### [Task item]
Omitting the pictures, print every line below exactly as it stands.

(Records for this task Opens)

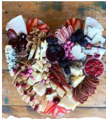
~ HEART BOARDS ~ $100

Impress your guests and add a unique touch to your wedding!
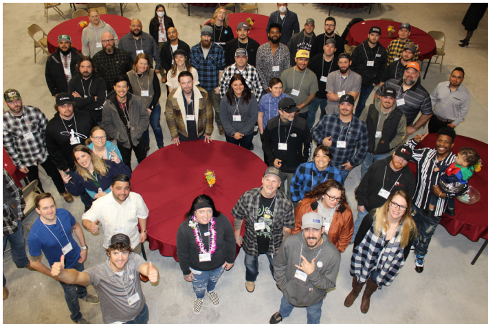
Group Photo of our new Journey-level Carpenters
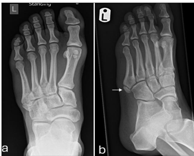
Figure 1: A 26-year-old footballer presented with foot pain after an injury. (a) Anteroposterior and (b) oblique radiographs showing os vesalianum pedis (white arrow).

Treatment options depend on the fracture location, the presence of radiographic union, and the patient's medical fitness and activity level.
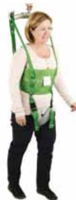
MOD. 60 Shown with optional leg straps

* Some sizes and designs with a max. load of 660-1,100 lbs (300-500 kgs).
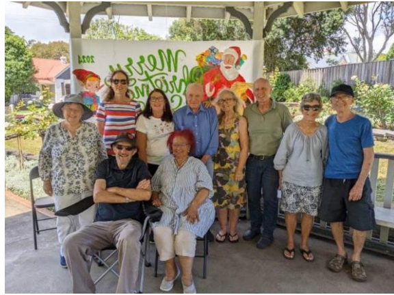
Jill with Bill's poster
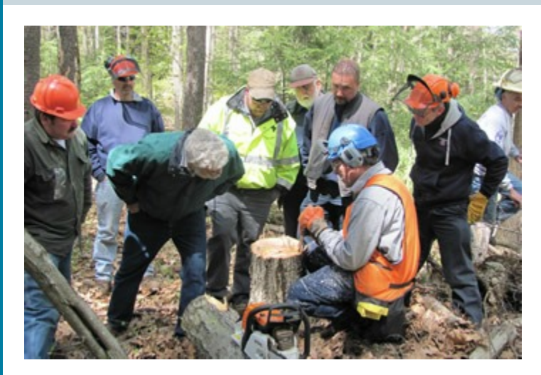
MIIA would like to invite you to attend a one-day training on
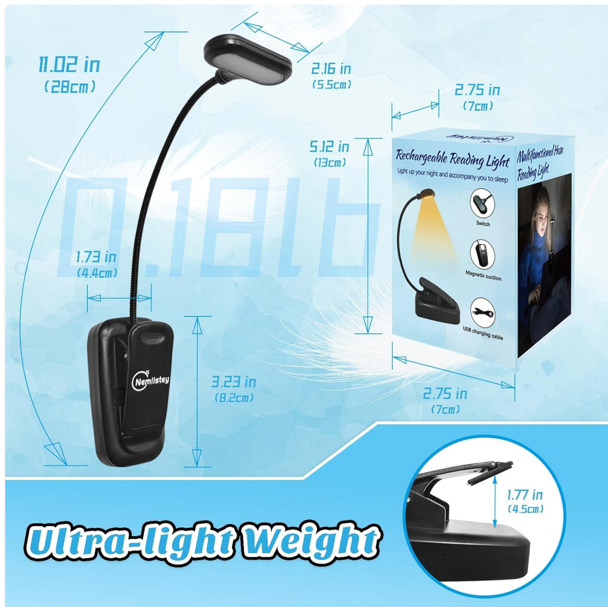
Image 7.1: Detailed dimensions and ultra-light weight of the book light.
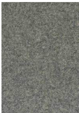
Light grey (FR1000)
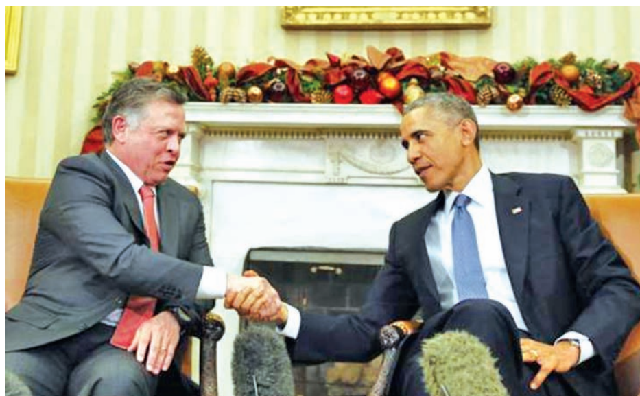
US President Barack Obama shakes hands with King Abdullah of Jordan in the Oval Office of the White House in Washington, on 5 Dec, 2014.

Beyond the military challenge, the two leaders
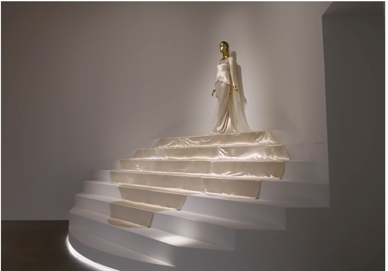
Figure 1: The wedding dress exhibit of the Chat with Natalie experience (the Metropolitan Museum of Art, New York).
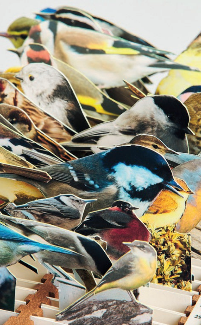
Emily Tracy: Fieldwork, Portland 2022

"Constant Effort' attempts to start conversation, to explore and celebrate this data, and its means of collection, through the presentation of a visual snapshot of species sightings at ten year intervals from 1962 to 2022. We can't always see the 'wood for the trees', but this installation will attempt to visualise some of the data on Portland species, incorporating birds, moths and flora and fauna, in order to spark conversation and understanding of the rich intertwined ecology that exists in 'The Last Landscape"
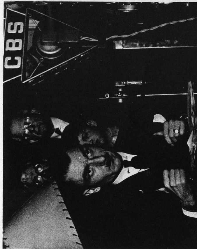
Commentator Boake Carter, on the scene at the trial of Bruno Hauptmann, Flemington, N.J., 1935.
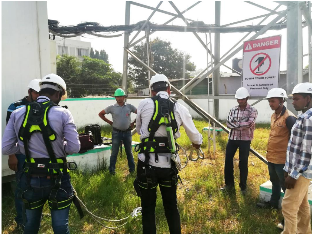
WORK AT HEIGHT TRAINING BY KARAM
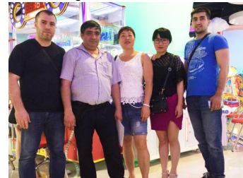
Stay with you

CE certificate help you import without doubt and problem
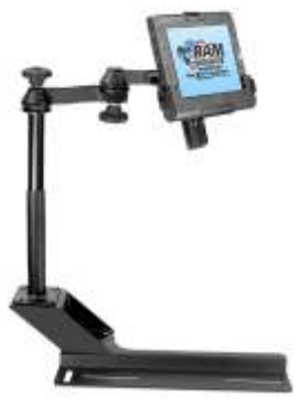
RAM-VB-106R4-MOT1 VEHICLE SYSTEM FOR THE DODGE SPRINTER VAN
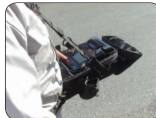
⑥ -1 Working Belt in Action
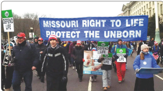
Missouri Right to Life at the 2016 March for Life in Washington, DC remembering 43 years of abortion on demand.

"While I hung pink butterflies and framed sonogram photos of this new baby, I had driven hours to give my first child death."
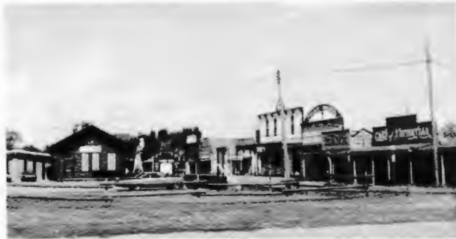
LOOKING WEST INTO BURKETOWN, U.S.A.

A true to life reproduction of western life near the turn of the century.
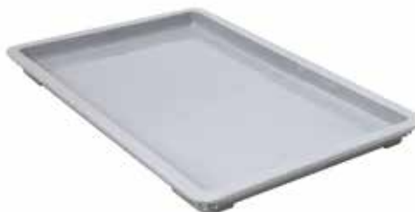
FSB-PL2618 25-5/8"L X 18"W X 1-3/4"H
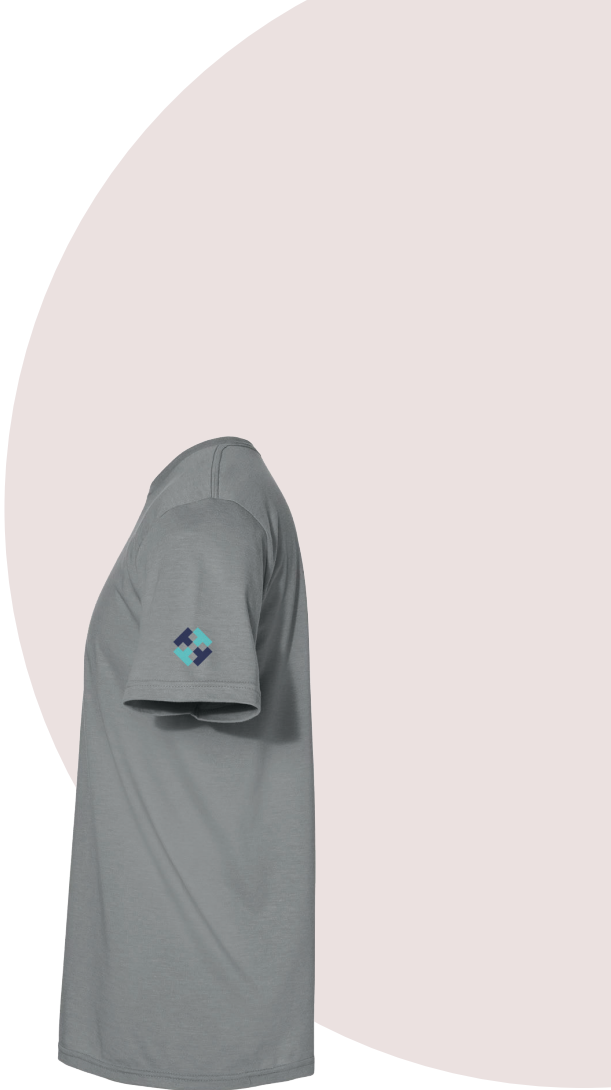
SLEEVES Width: 1 inch - 4 inches Height: 1 inch - 4 inches
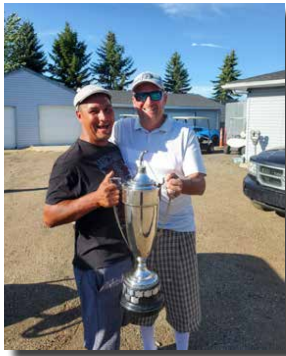
Looks like everyong wanted a piece of the Canadian Open Trophy!
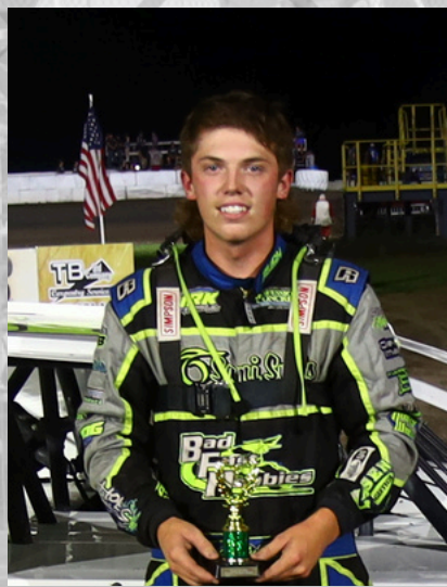
Willy Kirk Sport Mods
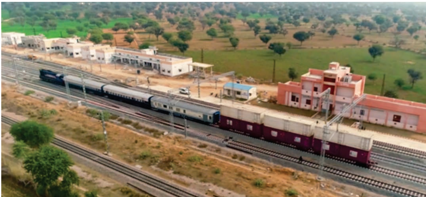
Successful Oscillation trials for 25 tn axle load trains at 110 kmph in Rewari-Phulera section of WDFC on 20.01.2020
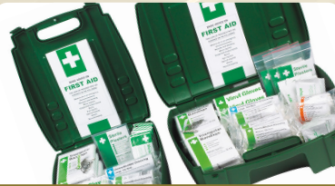
First Aid Kits & Cabinets 139 - 140
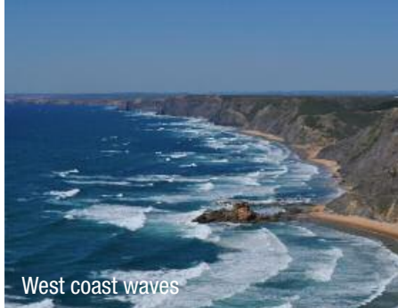
West coast waves
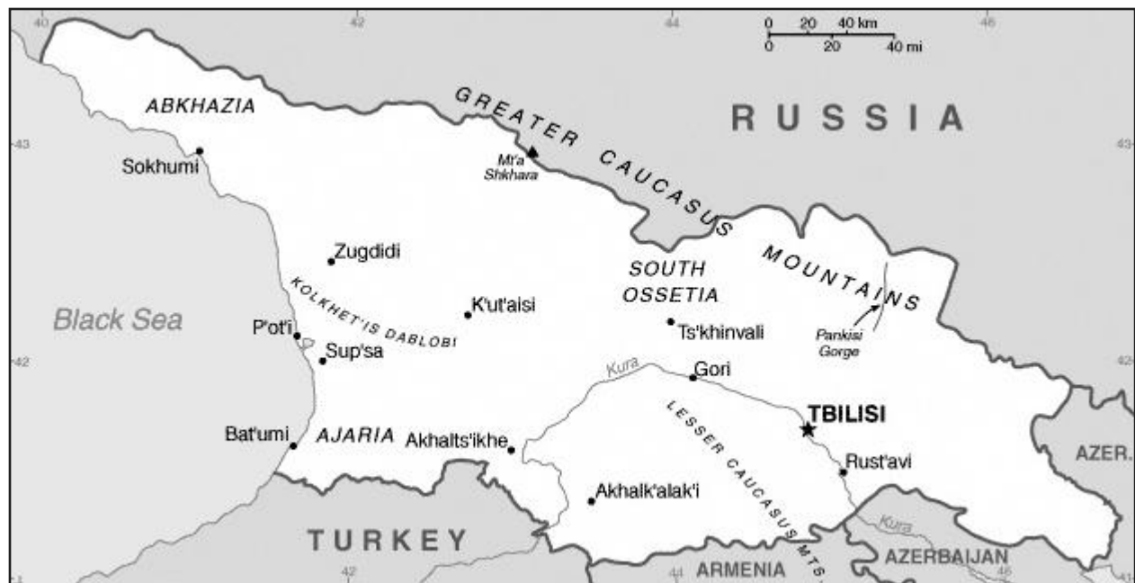
Figure 2: Map of Georgia

Gelati Monastery served as the center for the transmission of Orthodox three-voiced chant in West Georgia, a tradition that was already in serious decline in the late nineteenth century due to the Russification of the Georgian Orthodox Church since 1810. 7 Kutaisi had also been the home of many religious and ethnic minorities including Georgian Jews, Catholics, Megrelians, Svans, Laz, and other peoples, even while under the control of the Ottoman Empire for several centuries. Paliashvili came from a Catholic family, and as an organist and singer in his parish he was exposed not only to the rich Georgian culture in Kutaisi but also to the works of Palestrina, Bach, Mozart, and others.
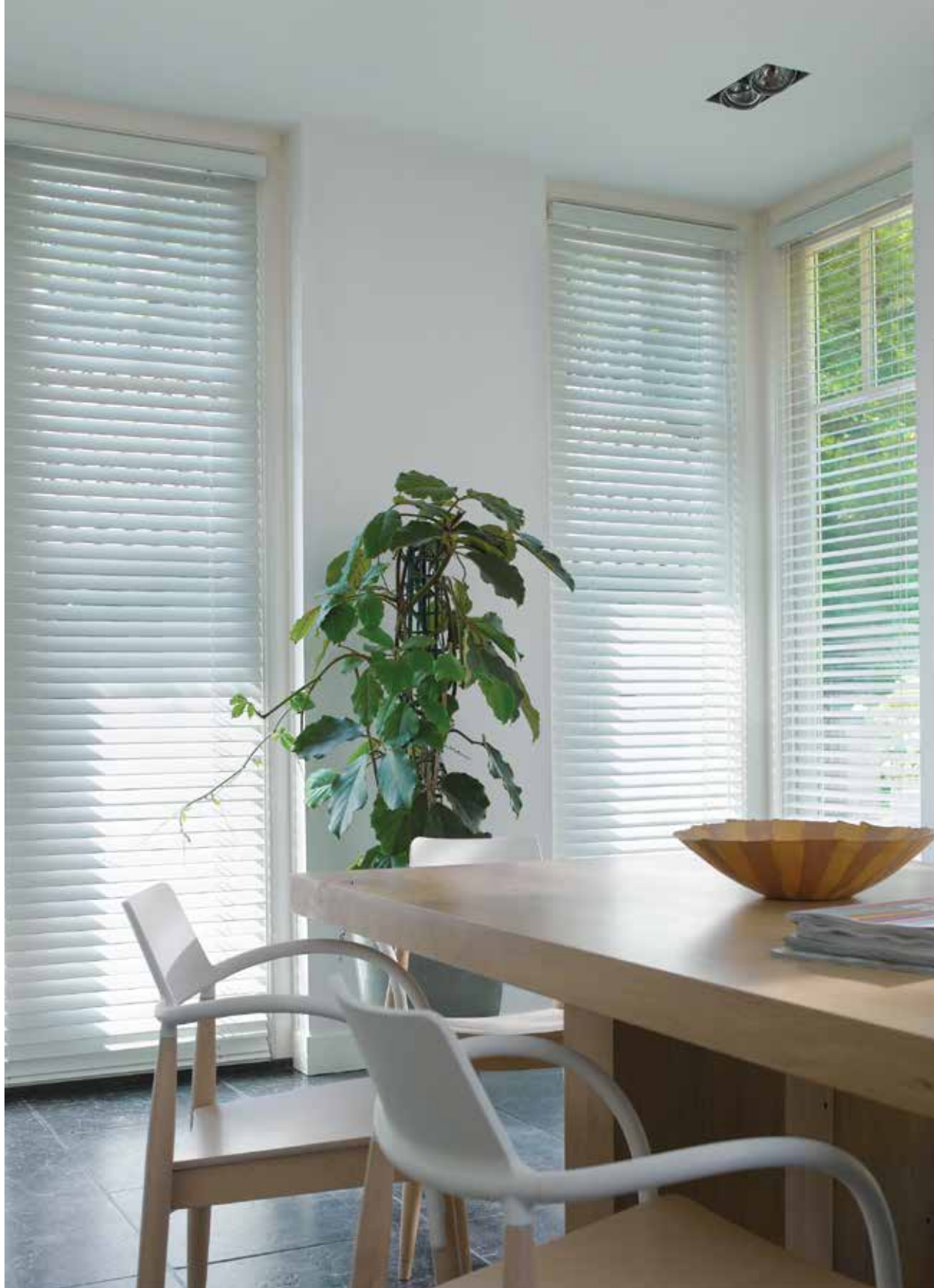
50mm Woodmates® Venetians

(Records for this task Closes)

### [Exercise output]
~ HEART BOARDS ~ $100

Impress your guests and add a unique touch to your wedding!
Group Photo of our new Journey-level Carpenters
Figure 1: A 26-year-old footballer presented with foot pain after an injury. (a) Anteroposterior and (b) oblique radiographs showing os vesalianum pedis (white arrow).

Treatment options depend on the fracture location, the presence of radiographic union, and the patient's medical fitness and activity level.
MOD. 60 Shown with optional leg straps

* Some sizes and designs with a max. load of 660-1,100 lbs (300-500 kgs).
Jill with Bill's poster
MIIA would like to invite you to attend a one-day training on
Image 7.1: Detailed dimensions and ultra-light weight of the book light.
Light grey (FR1000)
US President Barack Obama shakes hands with King Abdullah of Jordan in the Oval Office of the White House in Washington, on 5 Dec, 2014.

Beyond the military challenge, the two leaders
Figure 1: The wedding dress exhibit of the Chat with Natalie experience (the Metropolitan Museum of Art, New York).
Emily Tracy: Fieldwork, Portland 2022

"Constant Effort' attempts to start conversation, to explore and celebrate this data, and its means of collection, through the presentation of a visual snapshot of species sightings at ten year intervals from 1962 to 2022. We can't always see the 'wood for the trees', but this installation will attempt to visualise some of the data on Portland species, incorporating birds, moths and flora and fauna, in order to spark conversation and understanding of the rich intertwined ecology that exists in 'The Last Landscape"
Commentator Boake Carter, on the scene at the trial of Bruno Hauptmann, Flemington, N.J., 1935.
WORK AT HEIGHT TRAINING BY KARAM
Stay with you

CE certificate help you import without doubt and problem
RAM-VB-106R4-MOT1 VEHICLE SYSTEM FOR THE DODGE SPRINTER VAN
⑥ -1 Working Belt in Action
Missouri Right to Life at the 2016 March for Life in Washington, DC remembering 43 years of abortion on demand.

"While I hung pink butterflies and framed sonogram photos of this new baby, I had driven hours to give my first child death."
LOOKING WEST INTO BURKETOWN, U.S.A.

A true to life reproduction of western life near the turn of the century.
FSB-PL2618 25-5/8"L X 18"W X 1-3/4"H
SLEEVES Width: 1 inch - 4 inches Height: 1 inch - 4 inches
Looks like everyong wanted a piece of the Canadian Open Trophy!
Willy Kirk Sport Mods
Successful Oscillation trials for 25 tn axle load trains at 110 kmph in Rewari-Phulera section of WDFC on 20.01.2020
First Aid Kits & Cabinets 139 - 140
West coast waves
Figure 2: Map of Georgia

Gelati Monastery served as the center for the transmission of Orthodox three-voiced chant in West Georgia, a tradition that was already in serious decline in the late nineteenth century due to the Russification of the Georgian Orthodox Church since 1810. 7 Kutaisi had also been the home of many religious and ethnic minorities including Georgian Jews, Catholics, Megrelians, Svans, Laz, and other peoples, even while under the control of the Ottoman Empire for several centuries. Paliashvili came from a Catholic family, and as an organist and singer in his parish he was exposed not only to the rich Georgian culture in Kutaisi but also to the works of Palestrina, Bach, Mozart, and others.
50mm Woodmates® Venetians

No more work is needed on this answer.